Unfortunately, I naturally present more masculine and this lets my coworkers initially read me as straight, which lets them be more honest about their negative opinions on queer people. That manager’s statement was relatively benign. After all, grades don’t seem to define the structure of your life quite the same way that your sexuality does and he could have been reflecting on how that young man would have to deal with the prejudices of a straight environment. But I’ve had other coworkers refer to difficult contractors as “cocksuckers” and “maricones.” Again, my straight coworkers have no problem dropping any suggestion of a professional attitude to say offensive bullshit without caring who might be listening. It is frustrating, but I can pretend that they don’t know and brush it off a little more casually.
That’s not to say that the psychological damage of being professionally closeted is not building up over time though. After all, it’s not just the effort I make to drop pronouns and refer to every ex boyfriend as an ex, but learning directly from my coworkers that they would think less of me if I came out to them. It almost feels dirty, as though I’m a spy behind enemy lines gathering intel. With that intel, I do begin to look down on them, categorizing them as people who are somewhat bigoted and thus people I need to continue to be dishonest with. Frankly, always having to tiptoe around these people lest I trigger their delicate heterosexuality gets tiring and expends energy I could spend elsewhere. In my defense, I have come out to some of them to test the waters of being more out professionally.
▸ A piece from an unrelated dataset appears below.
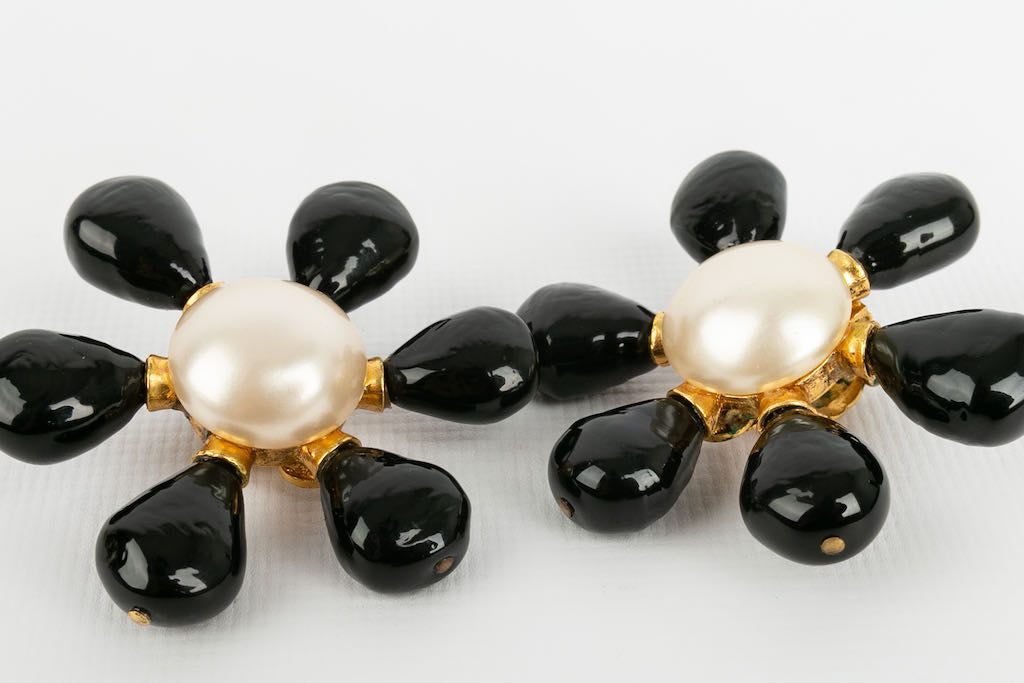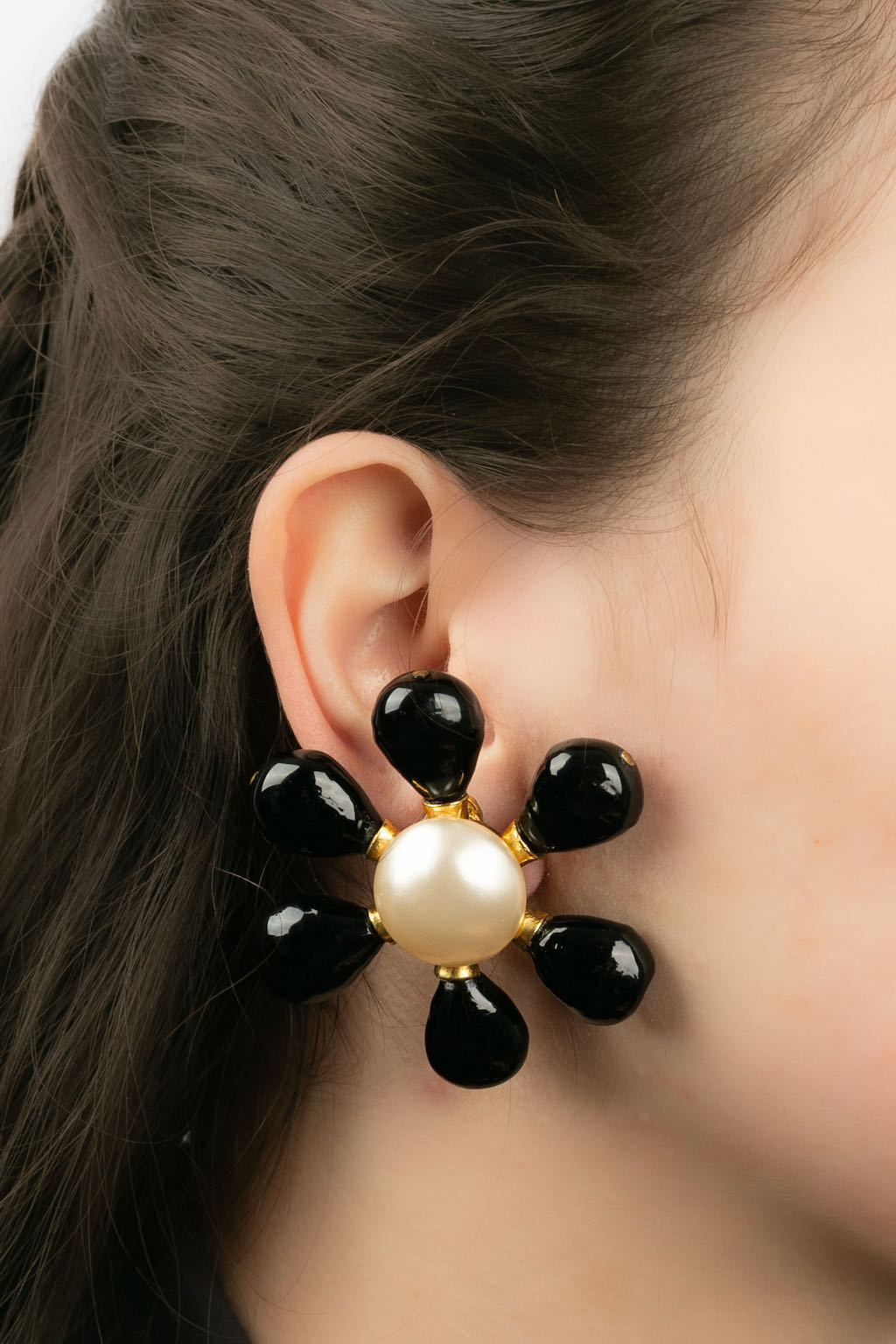 Note: Our Items are totally New High quality Brand Inspired Refurbished. Please make sure you are well aware of it before buying any of the Item. T&C's Apply in case of refunds.Please send us message on below chat to confirm availability. We will send the Refurbished Model in case you place an order with us. Enjoy Shopping.Always Send Us message to confirm availability before buying, In case of refund the transaction fee remains non refundable.�Thank�you. Boucles d'oreilles clips en m�tal dor�, p�te de verre noire et cabochon nacr�. Collection Automne-Hiver 1992.

A couple of coworkers decided to grab dinner and drinks together after a work meeting. I had to leave early and as I was leaving mentioned that I was leaving for a date. A coworker told another and so forth until it got back to the specific construction site I was regularly on. The project inspector told me had heard about it and asked if I had a girlfriend now and I responded, “Well, no, I have a boyfriend.” I had gotten to know him well enough by now to be sure that whatever happened, he would not risk his job by being too explicit with whatever he felt about that. As expected, he quickly dropped the topic. But a different engineer and I got drinks way later and he let me know that the inspector was very uncomfortable from that day forward whenever I was around, even though we had been working together for a year by then and would work together for another year more.
Reactions such as those, the casual homophobia as well, those are the reasons why for now I don’t feel too guilty to continue lying by omission, for staying in the closet for now. After all, these people presume heterosexuality and to clarify that now reveals a bit too much for me. There’s an author and columnist I’ve been reading since I was young, Dan Savage, who has this idea that there’s the people you’re saying you’re fucking, the people you want to fuck, and the people you’re fucking. In my case, single and theoretically willing to mingle, I’m stopping at the level of people I want to fuck as a need to know basis and my coworkers don’t need to know. The hilarious byproduct is that my coworkers think I’m a bit of a sexual prude, but after all, I’m never letting them know I’ve been to bathhouses and nude beaches. I do intend to drop the act though. For example, I’ll definitely need to mention a stable partner or husband, but even before then, the cost of being professionally closeted is too annoying, especially as I intend to climb the ranks. Plus, I’m going through all of this out of concern for coworkers who do not themselves maintain any sort of filter for respectability or for the comfort of others.
There’s two more things to share right now, although I am aware this is getting long. First, there was a time in college where not being fully out significantly hurt me, as I detailed here, although I need to elaborate more. Second, I wanted to focus on the coworkers that make it a necessity to remain partially professionally closeted. However, there’s thankfully some other LGBT coworkers here and there as well as more and more young people coming into the workplace, some still holding on to biases but largely friendlier to the queer community.